Conclusion: Results of this study demonstrate that both sensory and affective dimensions of pain are altered following observation of pain in a conspecific. Further studies evaluating the underlying mechanisms are encouraged to elucidate the role of different neurotransmitters in this phenomenon.

Empathy is defined as the mental capability to comprehend and respond to the feelings and emotions of other people accordingly. Although empathy has long been considered as a human trait and depends on theory of mind in the mankind, recent studies have revealed a longer neuro-evolutionary lineage for this cognitive ability. Empathy for pain means that following an observation of pain in a conspecific, similar sensations and feelings are experienced by the observer.

This is a special kind of empathy, which is thought to exist throughout a wide range of animals other than humans (1-6).

Pain is a multidimensional phenomenon possessing both sensory-discriminative and affective motivational dimensions. The sensory dimension of pain is correlated with the intensity of the noxious stimulus and acts to protect the organism, while the affective-motivational dimension recruits higher order brain regions and serves to value the threat of noxious stimuli and the cognitive volitional response to the stimulus.
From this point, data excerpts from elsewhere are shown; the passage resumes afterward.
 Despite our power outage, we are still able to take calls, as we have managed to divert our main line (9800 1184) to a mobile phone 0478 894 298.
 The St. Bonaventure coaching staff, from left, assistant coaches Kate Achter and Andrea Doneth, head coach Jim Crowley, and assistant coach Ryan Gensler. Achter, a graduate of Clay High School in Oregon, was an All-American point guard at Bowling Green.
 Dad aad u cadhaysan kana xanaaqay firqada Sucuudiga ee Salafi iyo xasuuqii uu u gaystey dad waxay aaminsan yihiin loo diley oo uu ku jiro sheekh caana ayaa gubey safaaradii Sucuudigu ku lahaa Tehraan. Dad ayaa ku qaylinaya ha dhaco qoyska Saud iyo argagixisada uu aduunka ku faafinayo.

It is demonstrated that empathy for pain activates brain regions responsible for affective processing of pain in humans, but no study has studied this dimension of pain in the animal models for empathy (7). Even further, in subjects with congenital insensitivity to pain, empathy for pain directly activates brain regions corresponding to affective dimension of pain, revealing distinct underlying mechanisms for sensory and affective dimensions of pain in both first-hand experience of pain and empathy for pain (8, 9). Many studies have previously focused on sensory dimension of pain, but neither has addressed the affective pain alterations following empathy in animals (10).
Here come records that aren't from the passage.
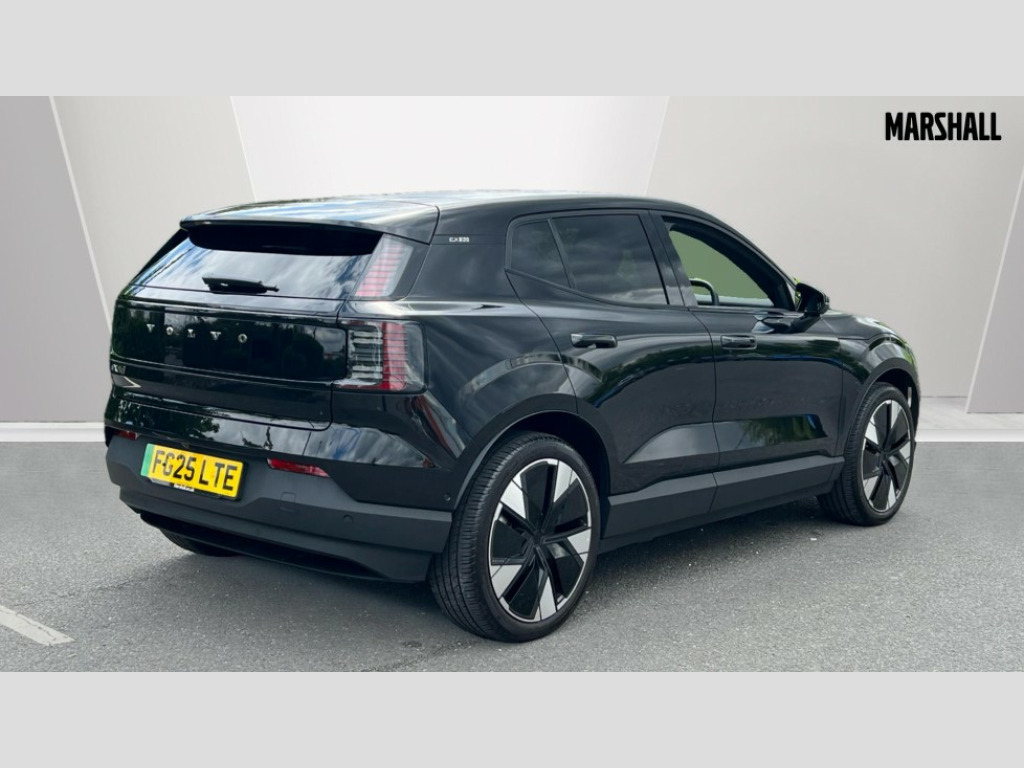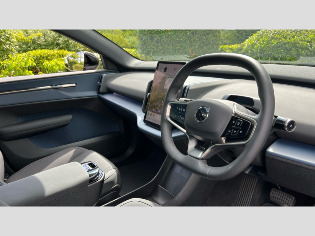 Volvo EX30 200kW SM Extended Range Ultra 69kWh 5dr Auto 12.3" centre console portrait touch screen, 3 x Front and 2 x rear radars plus front vision camera, 360 Degree camera with virtual 3D view, Adaptive cruise control, Android auto wireless, Blind spot information system with steer assist (BLIS), Bluetooth handsfree system, Collision avoidance at intersection, Cross traffic alert with brake support (Front and Rear), Driver alert control with lane keeping aid, Driver understanding system, Emergency call service, Forward collision warning, Front and rear park assist, Google automotive services - Enabled entertainment apps, navigation with google maps, voice recognition with google assistant, Intelligent speed assist, Park pilot assist, PAS, Power operated tailgate, Speed limiter, Volvo cars services with app, Wireless apple carplay, Wireless/Inductive Mobile Phone Charging, 3-Phase On Board Charger - 22kW, 5m 3 phase 32 amp type 2 / mode 3 charge cable, Comfort chassis, Plug and charge, Recharging port located in nearside rear wing, DAB Digital radio, Dirac unison, External couple subwoofer and load compartment subwoofer, Harman Kardon Premium 5.1 Surround Sound 1040W - (2xC type USB Front & rear Sockets,Dashboard Soundbar with 7 Speakers), Low speed exterior sound speaker, Quantum logic, Vehicle noise compensation, Auto dimming interior and driver's door mirror, Auto folding heated frameless power door mirrors, Automatic LED Headlights + Active high beam incorporating daytime running lights, Dark tinted windows - rear side windows and rear screen, Dual tone roof and mirror caps, Fixed panoramic glass sunroof, LED 3rd brake light, Metallic paint, Puddle lights, Rain sensor with automatic windscreen wiper activation, Rear side wing doors, Rear wiper, Variable intermittent wiper, 12V socket in luggage compartment, 2 zone electronic climate control with air purifier PM2.5, 3 seat bench in 2nd row, Central glovebox and storage, Fixed lumbar support, Flexible load floor, Floor mats, Front cupholders and storage, Front head restraints, Front load compartment (19 litres), Heat pump (Enhanced cabin heating and cooling efficiency with optimal vehicle range), Height/reach adjustable steering column, High level illumination (choise of 5 colour themes,central tunel,luggage,puddle,cabin,reading and front door panel pocket lights,instrument panel ), ISOFIX attachment on outer rear seats, Multifunction steering wheel, One pedal drive, Removable rear headrests, Single front passenger seat, Vehicle 2 load capability, Versatile split folding rear seat - 60/40, Climate pack - EX30, Power seat pack - EX30, 3 point rear seatbelts, Child locks on rear doors, Collision avoidance and mitigation by braking and steering, Door opening alert, Driver and passenger airbags, First aid kit, Hill descent control, Hill start assist, IC (Inflatable Curtains) - Full Length, Inner driver seat side airbag, Passenger airbag cut-off switch, Post-impact Braking, Rear collision warning and mitigation (RCWM), Road sign information display, Run off Road Mitigation, Seatbelt pretensioners and load limiters (Front and Outer Rear Seats), SIPS (Side Impact Protection System), Tyre pressure monitoring system, Warning triangle, WHIPS whiplash protection system - front, 2 x NFC Access cards, Anti-theft alarm including immobiliser/volume sensor + level sensor, Digital key plus with keytag, Locking wheel nuts, Remote door locking and unlocking, Tyre sealant kit and compressor
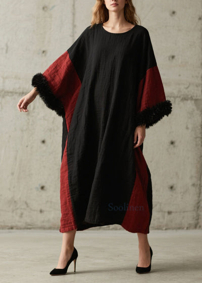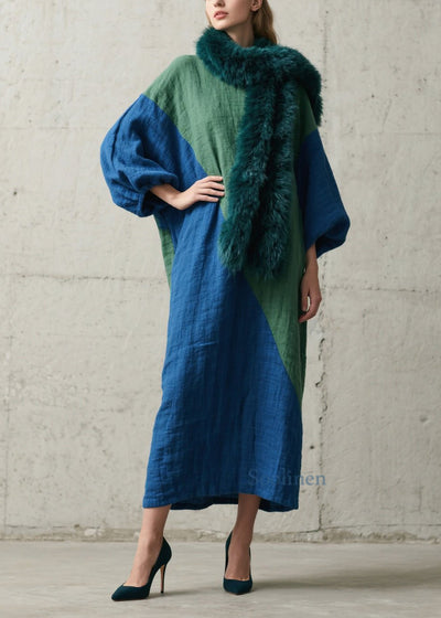 Loose Colorblock Patchwork Cotton Ankle Dress Batwing Sleeve
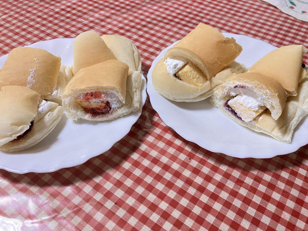 母の通院の付き添いの帰り、お昼ごぱんを買いに伺いました。父母長女に私の4人分で、「焼きそばたまご399円」「白身魚タルタル388円」のしょっぱい系2種、「いちごカステラ399円」「あんカステラ399円」の甘い系2種を購入しました。実家に帰り、それぞれ半分にして好きなものを食べました。私は「白身魚タルタル」と「あんカステラ」を選択。ふあふあしっとりのコッペパンに、サクサクの白身魚フライ、タルタルソースの組み合わせは間違いありません。カステラがサンドされたコッペパンはかなりのボリュームですが、甘さ控えめなあんこになめらかクリーミーな生クリームが加わることで、ぺろりと美味しくいただけちゃいます。お昼前に伺ったのですが、既に売り切れのものもあったので、欲しいパンを確実に購入するなら、お取り置きをお願いしておいた方が良さそうです。また、やわらかパン大好きな母と一緒に伺いたいです。美味しい幸せをありがとうございました。ごちそうさまでした〜。 (訪問:2023/11/09)

Langford et al were the first to describe empathy-like responses in rats (11), and further studies demonstrated that observation of pain in a conspecific leads to enhanced response to noxious stimuli of different modality (11-14). Despite this, the affective aspect of pain is not well-addressed in previous studies and the need for animal models to study the affective motivational dimension of pain in empathy is felt immensely.

According to previous studies regarding the effect of empathy for pain on sensory dimension of pain in rodents and lack of evidence regarding the effect of empathy on affective features of pain in the observer, this study was performed to evaluate the effect of observing a cage mate in pain on cognition, affective pain, and anxiety-like behavior of the observer animal.

Materials and Methods

Adult male Wistar rats (weighing 250-270 g) were used in this study. Animals were held in groups of 2 in standard cages one month prior to the initiation of experiment. Animals were given ad libitum access to food and water and were kept in standard environmental conditions (25˚C room temperature, 12/12 light dark cycle) in the animal house of Kerman Neuroscience Research Center. All the efforts were made to minimize harm to the animals and all the procedures were approved by the Ethics Committee of Kerman University of Medical Sciences (Ethics code: KNRC/ 96-5) (15).
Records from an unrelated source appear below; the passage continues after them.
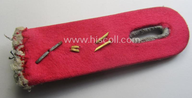 This is an attractive - albeit regrettably single! - neatly 'cyphered', officers'-type shoulderboard having the (bright!) pink-coloured branchcolour as was specifically intended for usage by an: 'Oberleutnant des Panzerjäger-Abteilungs 6' (or: lieutnant-first-class who served within a specific anti-tank- ie. tank-destroyers' regiment, numbered: '6') and that comes in an overall nice- (albeit I deem moderately used ie. worn- and/or I deem carefully tunic-removed-), condition. The shoulderboard which is approximately 11 cms. sized in length and that is piped in the neat bright-pink- (ie. 'rosaroter'-) coloured branchcolour as to be expected shows a neat (bright golden-coloured, 'Buntmetall'-based, Gothic-styled- and/or: smaller-sized) so-called: 'P'-cypher (ie. 'Ziffer'), smaller-sized '6'-numeral and equally-styled (and larger-sized) pip period-attached denoting that the strap was intended for a junior-officer who held the rank of an: 'Oberleutnant' (ie. lieutnant-first-class). All three devices show some regular age and/or minimal tarnish but are both still nicely preserved. The strap never had a tongue attached (it is a typical specimen of the 'sew-in'-type) and does show some minimal age, wear and/or staining (as can be seen on the pictures). The piece was never before in collectors'-hands and was recently found as such. Simply an attractive 'Heeres' officers'-type shoulderstrap that belonged to an: 'Oberleutnant des Panzerjäger-Abteilungs 6': too bad that it is only a single specimen!
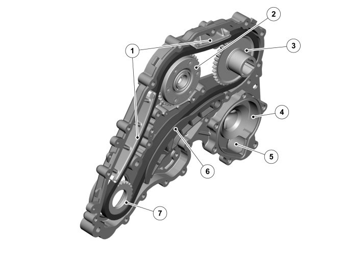 The oil pump is in the oil pan, mounted underneath the intermediate section. The oil pump has an integrated relief valve. The pump is directly driven by the sprocket on the rear end of the crankshaft.
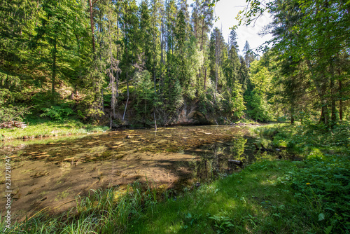 © Martins Vanags, Obraz premium calm river with reflections of trees in water in bright green foliage in summer
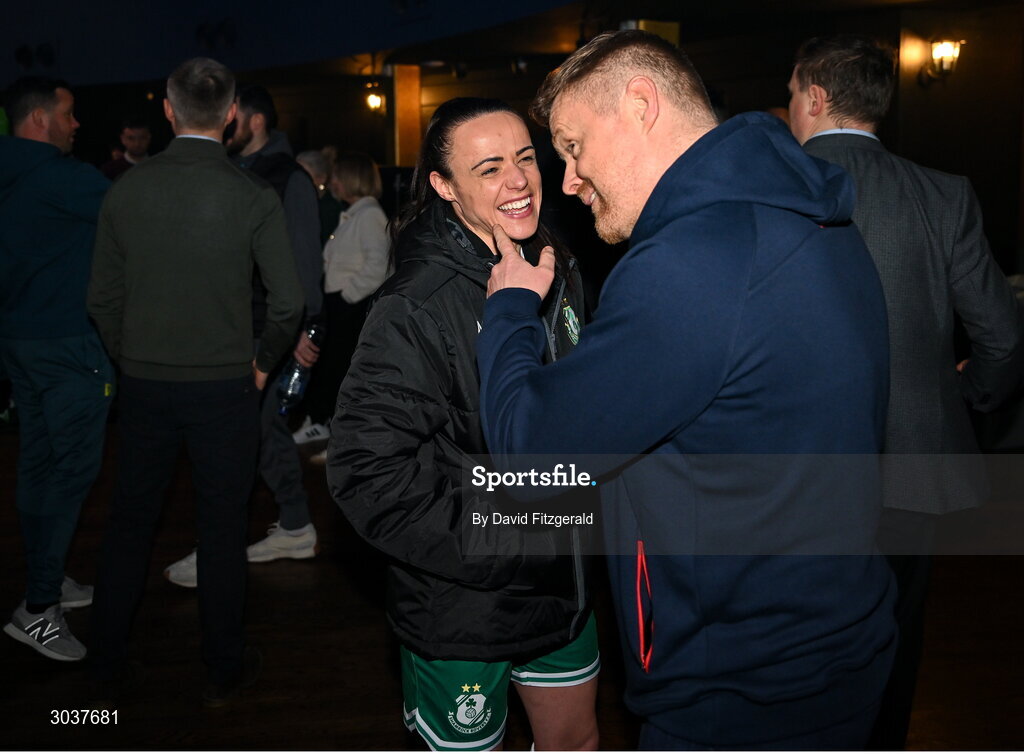 5 February 2025; Shelbourne manager Damien Duff with Aine O'Gorman of Shamrock Rovers during the SSE Airtricity Men’s Premier Division, SSE Airtricity Men’s First Division and SSE Airtricity Women’s Premier Division Launch 2025 at Mansion House in Dublin. Photo by David Fitzgerald/Sportsfile
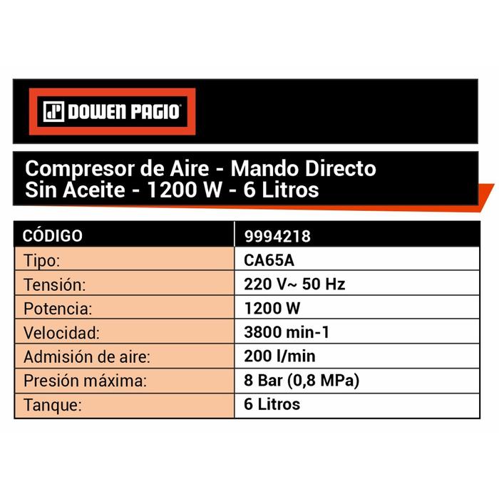 Compresor de Aire Portátil Sin Aceite Dowen Pagio CA65A 9994218

Animals were kept together in shared cages 1 month prior to the initiation of experiments to get accustomed to each other. One of the animals was randomly assigned to formalin (pain) or saline injection (control) and the other animal in the same cage was chosen as the observer. Another set of animals with no manipulations were chosen as the naïve group.

In the first day of the experiments, animals were brought to the laboratory environment. Pain or control animals received an injection of subcutaneous formalin (50µL, 25) in the hind paw (16) or saline (50µL), respectively. Immediately after injection, animals were placed in their cages, adjacent to their cage mates for direct observation of the injected animals’ behavior. This procedure was continued for the next 10 days.

On the 11th day, animals were again brought to the testing lab and the following tests were performed on them. There was a 2-hour interval between each paradigm.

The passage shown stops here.